* **WHAT YOU WILL DO**
Within the material below, transcribe exactly the lines from the one holding "Play the sporty way." through the one holding "UNTITLED 2012 MIRROR, PLASTIC, COLOUR", keeping both ends and skipping the rest.

* **DATA EXTRACTS**
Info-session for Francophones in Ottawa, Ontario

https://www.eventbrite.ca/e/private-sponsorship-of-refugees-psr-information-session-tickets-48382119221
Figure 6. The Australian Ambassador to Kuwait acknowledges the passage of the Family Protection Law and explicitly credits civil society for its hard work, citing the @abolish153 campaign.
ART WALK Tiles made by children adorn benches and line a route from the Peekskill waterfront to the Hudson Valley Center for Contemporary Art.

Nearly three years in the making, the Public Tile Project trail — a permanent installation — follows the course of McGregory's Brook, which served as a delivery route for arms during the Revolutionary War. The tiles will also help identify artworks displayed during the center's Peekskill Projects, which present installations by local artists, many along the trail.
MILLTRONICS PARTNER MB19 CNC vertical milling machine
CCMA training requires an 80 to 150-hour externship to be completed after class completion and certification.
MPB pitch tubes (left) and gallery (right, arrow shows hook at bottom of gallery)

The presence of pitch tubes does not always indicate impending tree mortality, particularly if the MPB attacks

...

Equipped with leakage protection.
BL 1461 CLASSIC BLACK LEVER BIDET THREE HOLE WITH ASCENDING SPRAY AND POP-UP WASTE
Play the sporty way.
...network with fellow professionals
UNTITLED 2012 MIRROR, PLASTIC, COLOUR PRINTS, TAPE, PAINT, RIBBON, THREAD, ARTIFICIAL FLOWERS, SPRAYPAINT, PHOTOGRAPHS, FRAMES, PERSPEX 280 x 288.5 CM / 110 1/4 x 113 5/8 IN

* **ANSWER BELOW**
Play the sporty way.
...network with fellow professionals
UNTITLED 2012 MIRROR, PLASTIC, COLOUR PRINTS, TAPE, PAINT, RIBBON, THREAD, ARTIFICIAL FLOWERS, SPRAYPAINT, PHOTOGRAPHS, FRAMES, PERSPEX 280 x 288.5 CM / 110 1/4 x 113 5/8 IN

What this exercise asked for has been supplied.